§ **The data**:
########################################
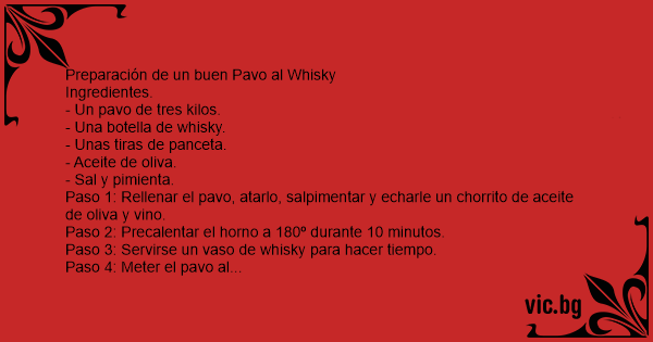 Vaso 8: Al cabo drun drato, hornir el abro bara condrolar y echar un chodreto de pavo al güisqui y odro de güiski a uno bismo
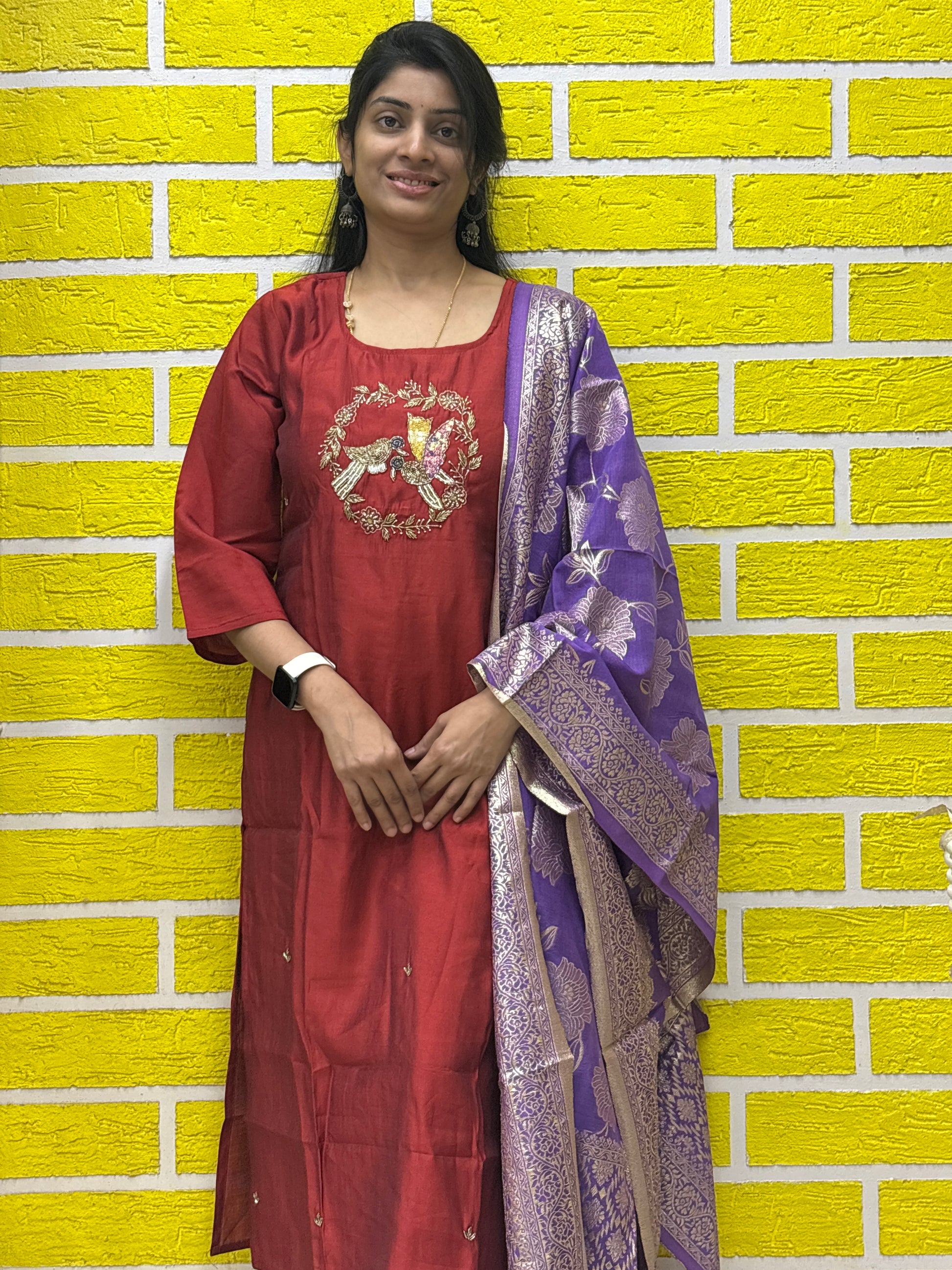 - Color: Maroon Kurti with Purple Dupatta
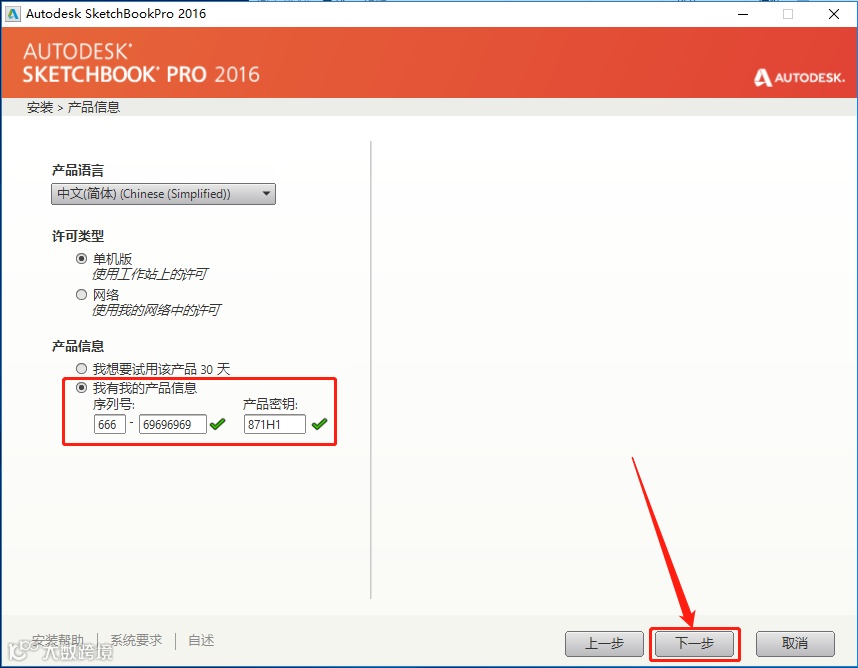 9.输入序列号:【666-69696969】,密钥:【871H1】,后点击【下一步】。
########################################
§ **Work to be completed**:
Strip the images and return the remaining data exactly.

§ **Finished task**:
 Vaso 8: Al cabo drun drato, hornir el abro bara condrolar y echar un chodreto de pavo al güisqui y odro de güiski a uno bismo
 - Color: Maroon Kurti with Purple Dupatta
 9.输入序列号:【666-69696969】,密钥:【871H1】,后点击【下一步】。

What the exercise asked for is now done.